Soil is the foundation we stand on – but it is also an increasingly threatened resource. At the same time, the craze for compost is growing in a burgeoning movement towards plant cultivation. We should embrace this interest in our communities, says artist Janna Holmstedt.

We recently picked up a new expression, plant blindness, a phrase coined in 1999 by the botanists James Wandersee and Elisabeth Schlusser. Plant blindness is an inability to notice plants in one’s environment and understand their importance for life on earth.

The time is ripe for taking the next step and learning a new phrase for plant blindness 2.0, says Janna Holmstedt, an artist and researcher in environmental humanities: soil blindness.

“Plant blindness is a great expression, so I’m taking that idea and reworking it into soil blindness. It points to exactly the same mechanism. If plants are easily reduced to a decorative background that we don’t really understand the necessity of, then a brown background is even more low-status.

Soil blindness in the city

In a new art and research project, Holmstedt and her research team are bringing together research, art, urban planning and popular movements to shed light on the most fundamental aspect of our ecology: soil.

Janna Holmstedt
Janna Holmstedt, artist and researcher at the National Historical Museums.

Her project, “Humus Economicus”, addresses soil blindness and the value of soil in urbanized landscapes. A multi-stakeholder collaboration among the National Historical Museums in Sweden, the Posthumanities Hub at Linköping University and KTH Royal Institute of Technology, the initiative involves researchers as well as artists and filmmakers.

“Our goal is to broadly address soil from many angles and then deepen and connect the perspectives. We want to bring about a paradigm shift – envisioning the soil–human relationship in a radically different way.”

“In Humus Economicus, we approach soil not only from a food supply perspective, but we look at the invisible work on climate change that the soil does for us, or is prevented from doing. By focusing our attention on the soil and the ground, we become aware of a multitude of conflicts, connections and dependencies that are crucial to how society can tackle climate challenges now and into the future.”

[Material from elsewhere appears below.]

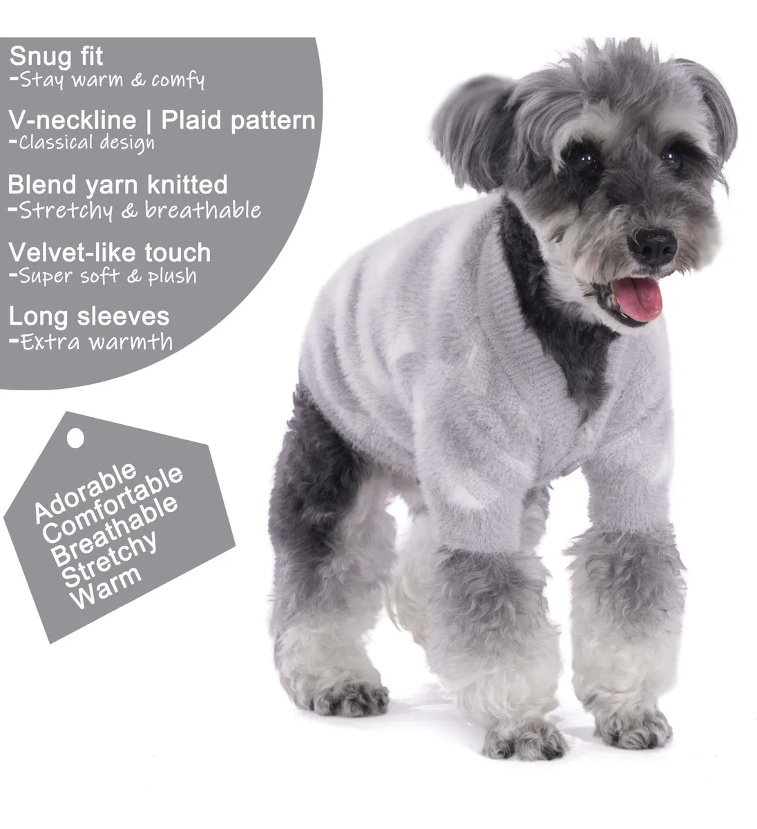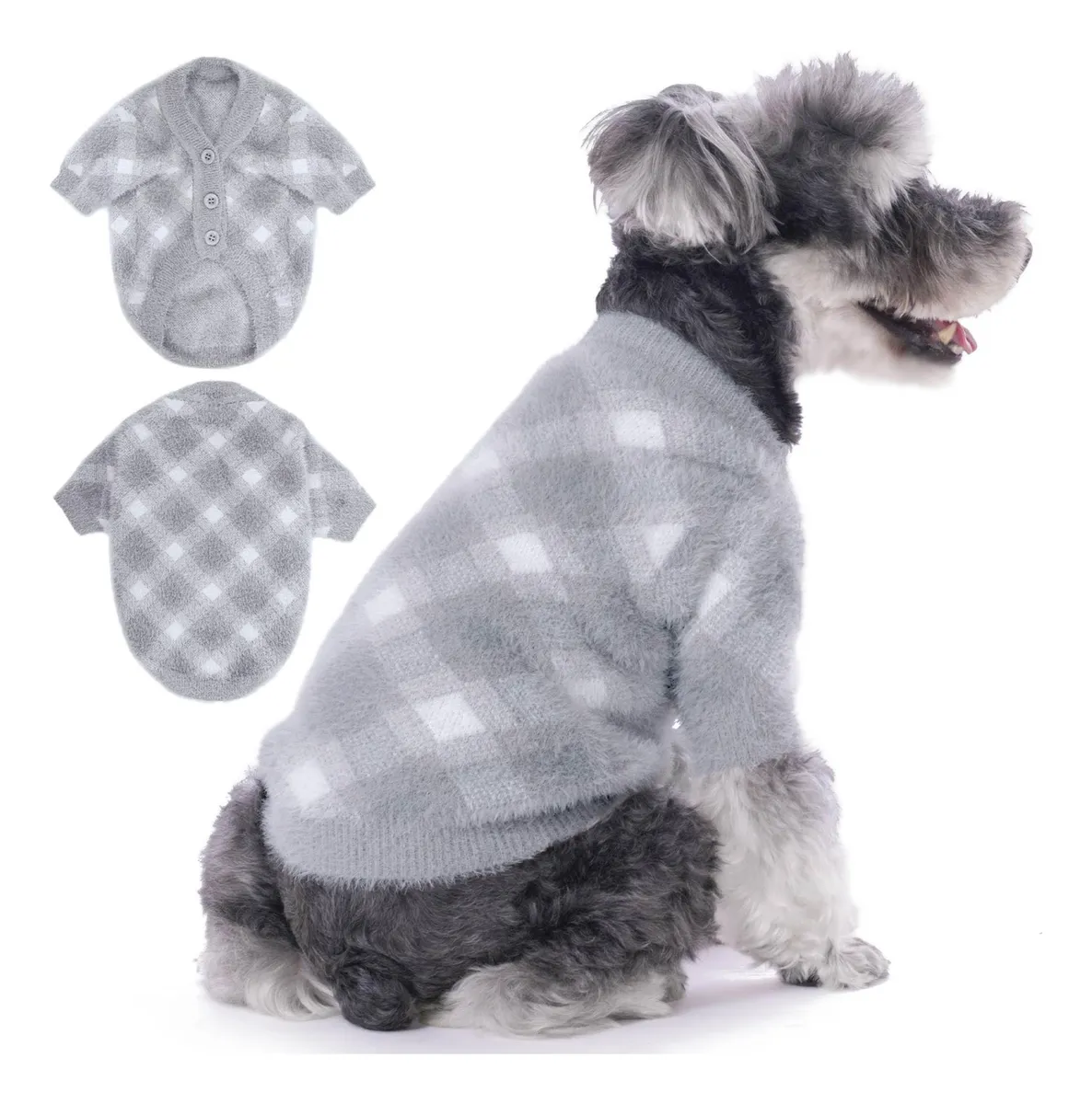 Suéter de punto para perros y gatos pequeños. Ropa de invierno plateado gris. ¡Mantén a tu mascota abrigada y con estilo!

Soil offers the most advanced, cost-effective technology for reducing the amount of carbon dioxide in the atmosphere, Holmstedt claims, and soil rich in carbon buffers water and mitigates the effects of heat waves and droughts.

What cultivation can bring to light

In her work, she has previously used cultivation as part of her artistic production. Recently, the cultivation and art project “Four Sisters for Planthroposcene” opened at the Malmö Art Museum. Janna Holmstedt and Malin Lobell’s art and research collective “(P)Art of the Biomass” is behind the project.

“Climate change threats and environmental challenges can lie like a suffocating blanket over us, and doing things together can help us. Growing plants gives us a greater understanding of intricate processes,” Holmstedt says.

“Watching a seed grow is a wondrous experience. You get to see and understand the difference between what happens in the ground in healthy soil compared with depleted soil. We’re also looking at how drastically people’s relationship with soil has changed historically and culturally so we can better understand the shifts society is facing today, where the issue of soil is central to the sustainable development goals.”

In the Humus Economicus Collaboratory, she and her colleagues will cooperate with the Forest Garden at Stockholm University campus, and the initiator Christina Schaffer who has established it as part of a summer course in urban farming. There is potential to develop it into a green art lab with multiple functions.

“Interestingly enough, the Forest Garden is located in a place that 200 years ago was called the ‘Experimental Field’ and served as a facility for experimental cultivation and education.”

When urban construction ignores the soil

It will soon be six years since the UN declared the International Year of Soils, and Holmtedt has seen much progress since then. An urban farming movement is underfoot that is grabbing more headlines, as are an awareness of biodiversity and ideas for achieving the transition. But as cities grow, valuable arable land is being developed and garden allotments crowded out.

“To build efficiently, you peel everything away from the ground that was there from the beginning, you build and seal the ground, and then you lay on a thin layer of soil. It’s a good example of how soil is viewed merely as a surface phenomenon and not something alive in and of itself – soil blindness makes you think you can move nature around, build it up and do whatever you want with it.”

Instead, she says that society must unleash the potential of emerging cultivation initiatives. Talking about urban farming as a trend is condescending – it’s more than that.

“Plant cultivation isn’t just something that people flock to in order to feel good. It unites people on so many levels and is a manifestation of something bigger. Many people grow plants as a way to practice their beliefs.”

“People want to do this, but we need methods, stories and tools to move forward. I do not believe that we can solve all the problems we’re facing through this research project. But maybe we can find new ways of asking questions, untying certain knots and making other problems visible.”